Association means linking the kanji being learned or some part of the kanji being learned to a previously learned kanji, katakana symbol, a letter of the alphabet or some other known symbol. The Association strategy can also include remembering by associating kanji with other kanji of the same meaning group, with kanji having the opposite meaning, with kanji that have the same reading but look different, or with kanji that look the same but have a different reading. All of these strategies involve linking new knowledge with previous knowledge and can lead to more efficient learning.

Examples

1 I create associations between the new kanji and other kanji I already know
e.g.1 頭 (あたま head)The right-hand element 頁 carries the meaning of head. 顔 (かお face)is also part of the head and has the same element.
e.g.2 勇ましい (いさましい brave) has 男 (おとこ male) in it. Males are brave.
e.g.3 皆 (みな everyone) “I remember it because it looks like 階 (かい floor)without the front part on it” (student).

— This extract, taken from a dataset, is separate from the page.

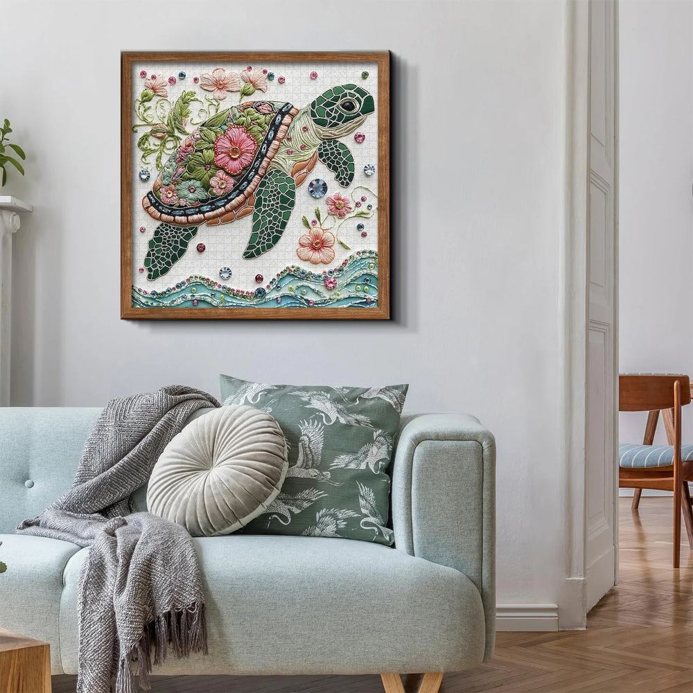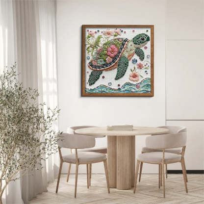 Intricate Floral and Wave Design: The sea turtle's shell is intricately adorned with floral motifs, blending delicate flowers with the flowing energy of waves. Each detail is meticulously crafted, from the soft curves of the waves to the intricate flower patterns, making every piece a vital part of the overall masterpiece.

2 I create associations between the new kanji and katakana
e.g.1 名 (な name)is made up of タ (たta) and ロ (ろ ro) from katakana. ‘Taro’ is a common boy’s name in Japan.
e.g.2 お茶 (おちゃ tea) has ホ (ほ ho)from katakana suggesting ‘hot tea’.
e.g.3 空 (から empty) has エ (え e) from katakana sounding like ‘e-mpty’

3 I create associations between the new kanji and other known symbols
e.g.1 五 (ご five)looks like a 5
e.g.2 事 (こと thing) from the top, has line, box, upside down E and the whole thing gets cut down the middle.
e.g.3 南 (みなみ south) has a cross at the top – ‘southern cross’

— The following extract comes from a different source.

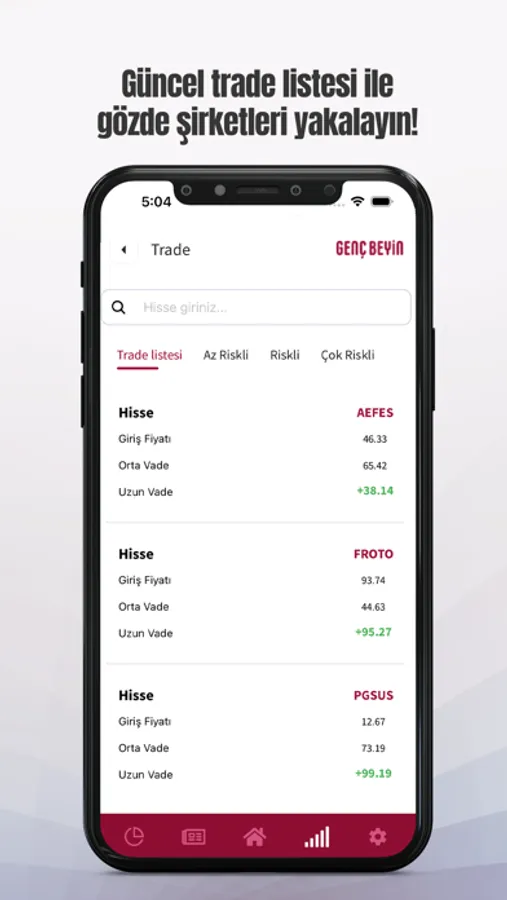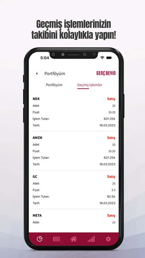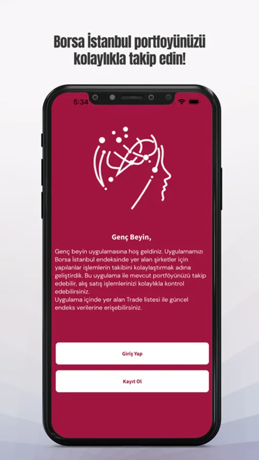 Genç beyin uygulamasına hoş geldiniz. Uygulamamızı Borsa İstanbul endeksinde yer alan şirketler için yapılanlar işlemlerin takibini kolaylaştırmak adına geliştirdik. Bu uygulama ile mevcut portföyünüzü takip edebilir, alış satış işlemlerinizi kolaylıkla kontrol edebilirsiniz.

4 I create associations between new kanji and letters of the alphabet
e.g.1 左 (ひだり left) エ looks like ‘H’ on its side. ‘H’ for ‘Hidari’
e.g.2 大阪 (おおさか Osaka) The right-hand character ( 阪) looks like BFX.
e.g.3 階 (かい floor) has B for ‘busy’ at the front – busy shop.

5 I associate kanji with other kanji from the same meaning group
e.g.1 母 (はは mother), 父 (ちち father), 兄 (あに big brother), 姉 (あね big sister)
e.g.2 赤 (あか red), 青 (あお blue), 黒 (くろ black), 白 (しろ white)
e.g.3 馬 (うま horse), 鳥 (とり bird), 魚 (さかな fish)

6 I associate kanji with kanji that mean the opposite
e.g.1 暗い(くらい dark)and 明るい(あかるい light). They both have to do with the sun (日). When it’s dark, someone is standing a (立) on the sun. When the moon (月) is out as well as the sun, it’s very bright.
e.g.2 朝 (あさ morning)and 晩(ばん evening). In the morning, the sun (日) comes up between the two crosses and replaces the moon (月). In the evening, the sun gets smaller and sets (lies down on its side).
e.g.3 大きい (おおきい big)and 小さい (ちいさい small). For ‘big’, the man has his arms outstretched, for ‘small’, his arms are by his sides.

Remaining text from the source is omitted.